Para poder acceder al procedimiento simplificado, la ley exige cumplir con los siguientes requisitos:

  • Haber sido construidas antes de la publicación de esta ley.
  • No estar emplazadas en áreas de riesgo o protección, en terrenos declarados de utilidad pública o en bienes nacionales de uso público. Tratándose de áreas urbanas, deberán estar emplazadas en suelo que admita el uso residencial.
  • No tener, a la fecha de ingreso de la solicitud de regularización, reclamaciones escritas pendientes por incumplimiento de normas urbanísticas ante la dirección de obras municipales o el juzgado de policía local respectivo.
  • Cumplir con las normas específicas de edificación que se indican para cada uno de los casos, dirigidas a garantizar la habitabilidad, seguridad y estabilidad de las viviendas, aplicables también a las instalaciones interiores de electricidad, agua potable, alcantarillado y gas.
  • Tener una superficie edificada:
    • De los títulos I y III: que no exceda de 90 metros cuadrados para sus recintos habitables, incluidos baños y cocina.
    • Que no exceda de 140 metros cuadrados, para sus recintos habitables, incluidos baños y cocina, siempre que su avalúo fiscal no supere las 2.000 UF, emplazadas en áreas urbanas y rurales, salvo, en este último caso, que las viviendas se hubieren construido en subdivisiones aprobadas conforme al decreto ley N° 3.516, del Ministerio de Agricultura, promulgado y publicado el año 1980.
    • Del título II: inferior o igual a 250 metros cuadrados, tratándose de las microempresas inofensivas, o inferior o igual a 400 metros cuadrados, en el caso de los equipamientos sociales.
  • Para los casos de los títulos I y III: Tener un avalúo fiscal, acreditado con el certificado otorgado por el Servicio de Impuestos Internos, de hasta 1.000 UF.
  • Para el caso de las viviendas financiadas con subsidios para atender la catástrofe del 27 de febrero de 2010, se exige adicionalmente:
    • Corresponder a proyectos de viviendas unifamiliares aprobados por los respectivos SERVIU o proyectos de viviendas tipo aprobadas por el Ministerio de Vivienda y Urbanismo.
    • Estar emplazadas en las zonas de catástrofe declaradas por el decreto supremo N° 150, del Ministerio del Interior, promulgado y publicado el año 2010.
    • Haber sido destinadas a una persona inscrita en el listado de damnificados de esa catástrofe que elaboró el Ministerio del Interior.
    • Haber obtenido el pago del subsidio en base a un certificado del Departamento Técnico del respectivo SERVIU que acredite la ejecución completa de las obras conforme al proyecto aprobado.

Regularización

El procedimiento de regularización exige la presentación, ante la dirección de obras municipales respectiva, de una solicitud de permiso y recepción simultánea (o recepción final en los casos de viviendas con permiso de edificación) en favor del propietario, con una declaración en la que señale ser el titular de la propiedad, junto a un croquis o un plano que describa el emplazamiento según las exigencias de cada título. Se deberá acompañar, además, un informe de arquitecto o profesional competente que certifique que la vivienda cumple con las normas de habitabilidad, seguridad, estabilidad e instalaciones interiores señaladas para cada caso.

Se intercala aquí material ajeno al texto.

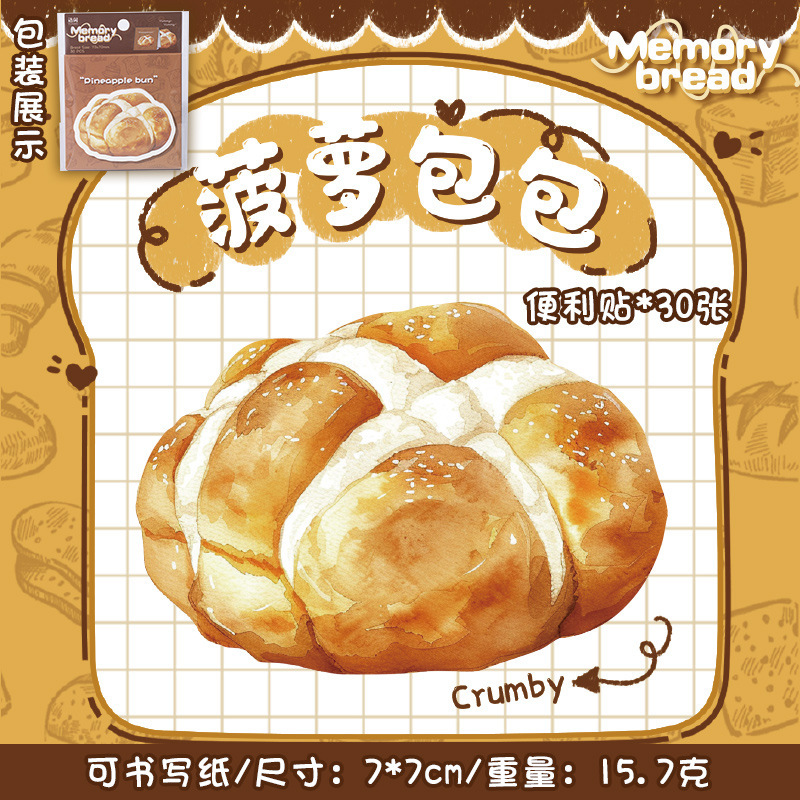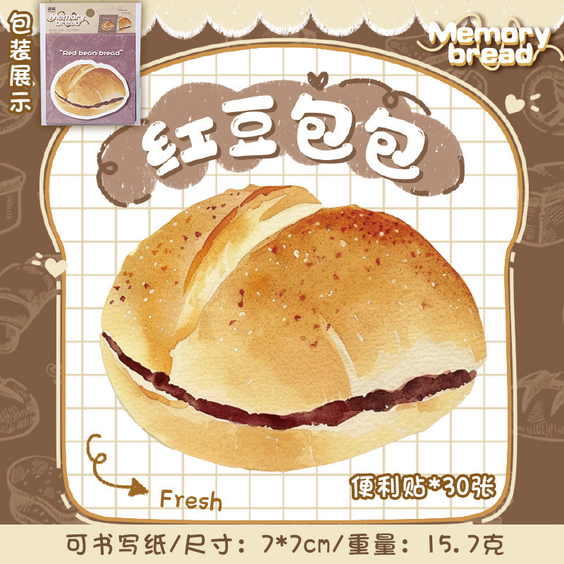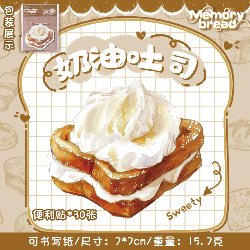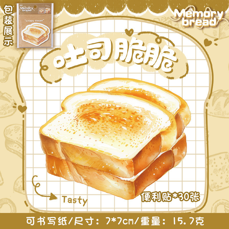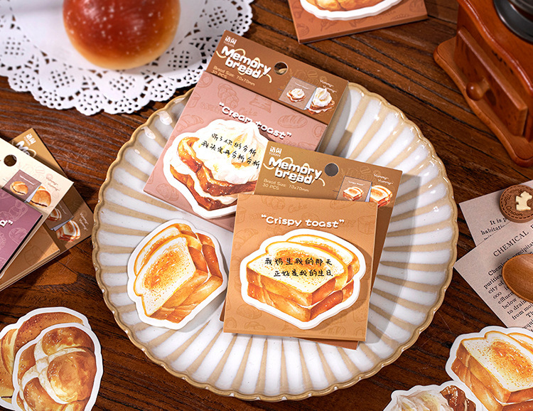 ペーパー素材紙 ミニノート メモ紙 ポストイット シッキーノート 貼り付け付箋 グルメ パン ラベル 30枚入
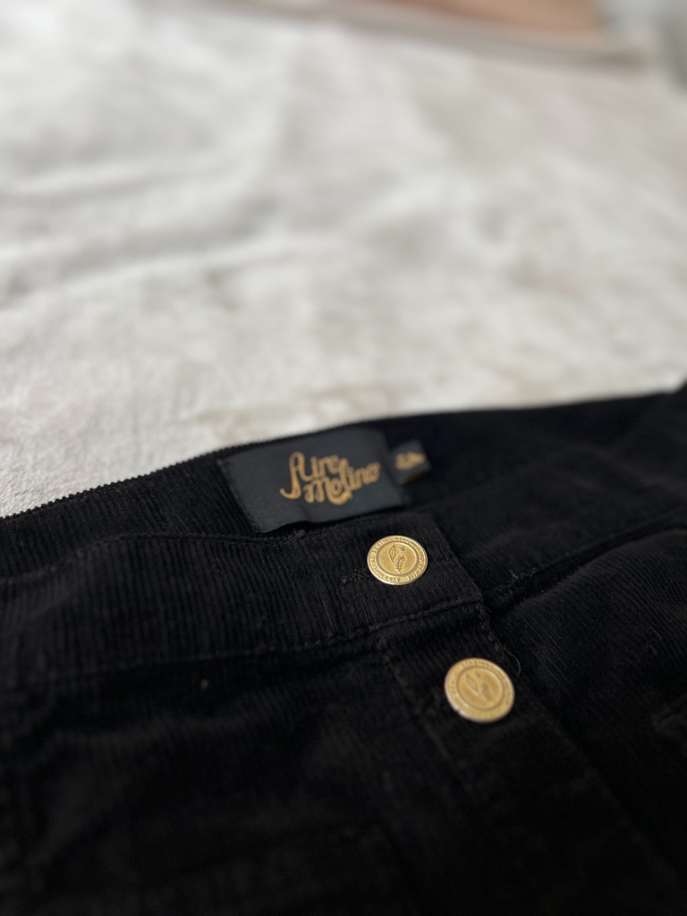 es una falda confeccionada en corderoy 100% algodón. Esto significa que es una tela rígida, no elastizada que no cede, es gruesa y tiene cuerpo lo que le da esa calidad y estilo de las prendas vintage que es lo que buscamos con toda nuestra línea corderoy y denim ❤️

Luego de presentada la solicitud, la ley contempla un plazo para que la dirección de obras respectiva revise el cumplimiento de las normas urbanísticas pertinentes (90 días para las del título I, 180 para las del título II y 30 para las del título III), tras el cual debe otorgar el certificado de regularización, si fuere procedente.

Entrada en vigencia

La ley no establece modalidad de entrada en vigencia, por lo que debe entenderse que su vigencia corre desde el momento de su publicación. Su duración depende del caso al que se aplique: tanto el artículo 1 como el artículo 3 (título I y II respectivamente) establecen un “plazo de tres años contado desde la publicación de esta ley”, mientras que el artículo 9 (es decir, el título III) establece un “plazo de dos años contado desde la publicación”.